# Concerns Re- Burleydam's Reptiles



## ianryan (Nov 9, 2008)

Not sure if this is in the right place, but. 

Popped into the Burleydam on the Wirral to grab some livefood on the way past, they stock reps and claim to be experts and offer advice talks.

When nosing at the Beardies as I always do, noticed that:

a. there was no heat/basking light on the adults.

b. both the adults and babies had iceburg in their food dishes.

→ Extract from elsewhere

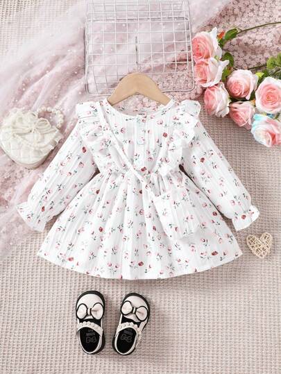 Baby Girl Floral Printed Bell Sleeve Dress - Multicolor - View 1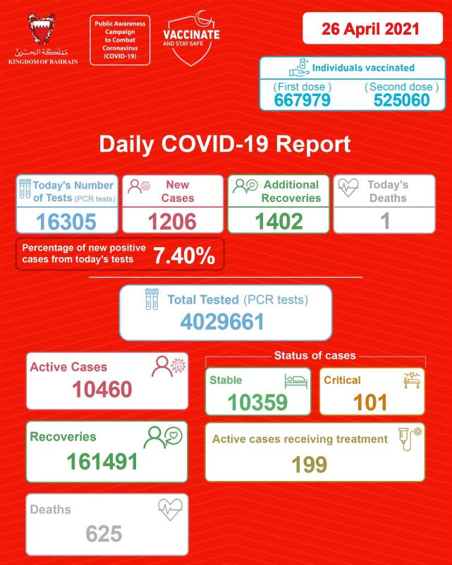 Bahrain yesterday registered 1,206 new Covid-19 cases alongside 1,402 recoveries and one fatality.

When asking the So called "experts" (now I am and don't pretend to be knowledgable) why they had iceburg their answer was "we've run out and that seemed a good choice". Am I wrong? But I thought you were meant to steer clear of iceburg at all costs?


----------



## Fangio (Jun 2, 2007)

For the one day it's not gonna cause any problems.


----------



## HadesDragons (Jun 30, 2007)

It's been a while since I've been in there, but I seem to remember that the adults cage has an on / off stat that kicks in quite often - granted it would probably be better to use a slightly lower wattage bulb and a dimming stat, but they do usually (or at least used to) have heat on in the cage. If you put the back of your hand to the glass it will probably feel warm...

As for the iceberg lettuce, it's not ideal but having it for a day won't kill them. I probably wouldn't give them any - if I'd run out they could do without for a day rather than having iceberg.


----------